In this excercise I want to show that $\nabla_\rho g_{\mu \nu}=0$ and $\nabla_\rho g^{\mu \nu}=0$
This should probably be very easy, but excuse me I'm completly new to GR.
So to do this I used that the covariant derivative of a rank 2 tensor is
$$ \nabla_c t^{ab} = \partial_c t^{ab} + \Gamma^a_{dc}t^{db}+\Gamma^b_{dc}t^{ad} $$ $$ \nabla_c t_{ab} = \partial_c t_{ab} - \Gamma^d_{ac}t_{db}-\Gamma^d_{bc}t_{ad} $$
And I rewrote the connection in therms of partial derivatives of the metric.

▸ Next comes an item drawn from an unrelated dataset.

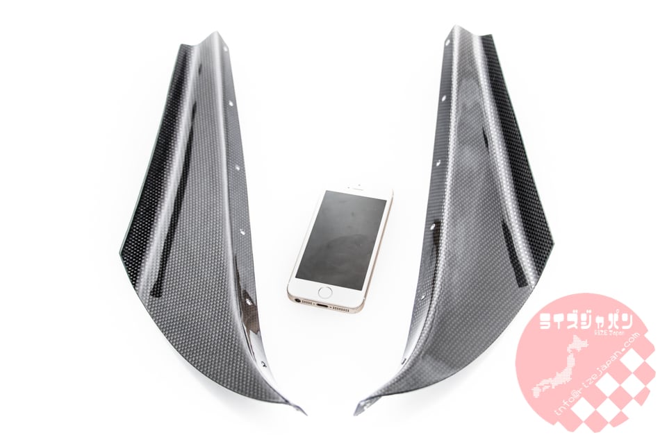 | Product Description | It is a carbon canard for exclusive use of S15 Silvia genuine bumper. In the design, the main body, stay part, and side flange (outside) are integrally shaped with carbon to increase the sense of unity. In order to achieve both performance and design, it finally became this shape. By integrating the stay and the main body, bolts, screws, rivets, etc. do not appear on the surface, so it is beautiful and has strength that general-purpose products cannot produce. The surface has a carbon and clear gel coat finish. Since the S15 owner is a popular model of FR, there are many people who are running radically, and it seems that there are many cases where GT wings etc. are installed and aerodynamics are also taken care of. We also paid attention to the aerodynamic balance and design of the front and rear, and recently set it for S15. It extends from the bumper side toward the front of the bumper as much as possible, and the mounting point is provided to the front end to prevent vertical synergies when downforce is applied, and pursues performance thoroughly. The strength is 4 plies in total. The stay part and side flap part have a rib structure, and the rigidity is sufficient. The dimensions are 41 cm in total length, which is longer in our canard series. The width is almost standard 7 cm. Since it can be installed only using the attached dedicated screw, it can be installed with a single Phillips screwdriver. Of course, there is also a hole for screws in the stay part. Since the bumper is made of urethane, there is no need to make a pilot hole. It is economical because there is no need to purchase mounting stays separately. The photo shows a sample product temporarily attached to the development bumper with tape. Please bid after seeing the photograph and being convinced. Since it was developed with the bumper you see, we do not match it with other bumpers. note that. The set includes only two canards on the left and right and mounting screws. S15 It is a carbon canard made exclusively for Silvia genuine bumper.Design, the body, stay part, |

So for the covariant components of the metric this worked out nicely, everything canceld and ended up to be zero.
Now with the contravariant components I'm running into trouble:
$$ \nabla_\rho g^{\mu \nu} = \partial_\rho g^{\mu\nu} + \Gamma^\nu_{d\rho}g^{d\nu}+\Gamma^v_{d\rho}g^{\mu d}=\\ \partial_\rho g^{\mu\nu} + \frac{1}{2}g^{\mu e} (\partial_d g_{e \rho} + \partial_\rho g_{de} -\partial_e g_{d\rho})g^{d \nu}+ \frac{1}{2}g^{\nu e} (\partial_d g_{e \rho} + \partial_\rho g_{de} -\partial_e g_{d\rho})g^{\mu d} $$
Now the two parts inside the brakets are the same and the metrics outside replace the dummy indices d and e by $\nu$ and $\mu$. If I raie the indices d and e four of the six terms cancel each other but then I am left with:
$$ \nabla_\rho g^{\mu \nu} = 2 \partial_\rho g^{\mu \nu} $$
This is clearly not zero for a general metric in non local coordinates. So I assume I'm messing something up completly, pleas ehelp me to understand this.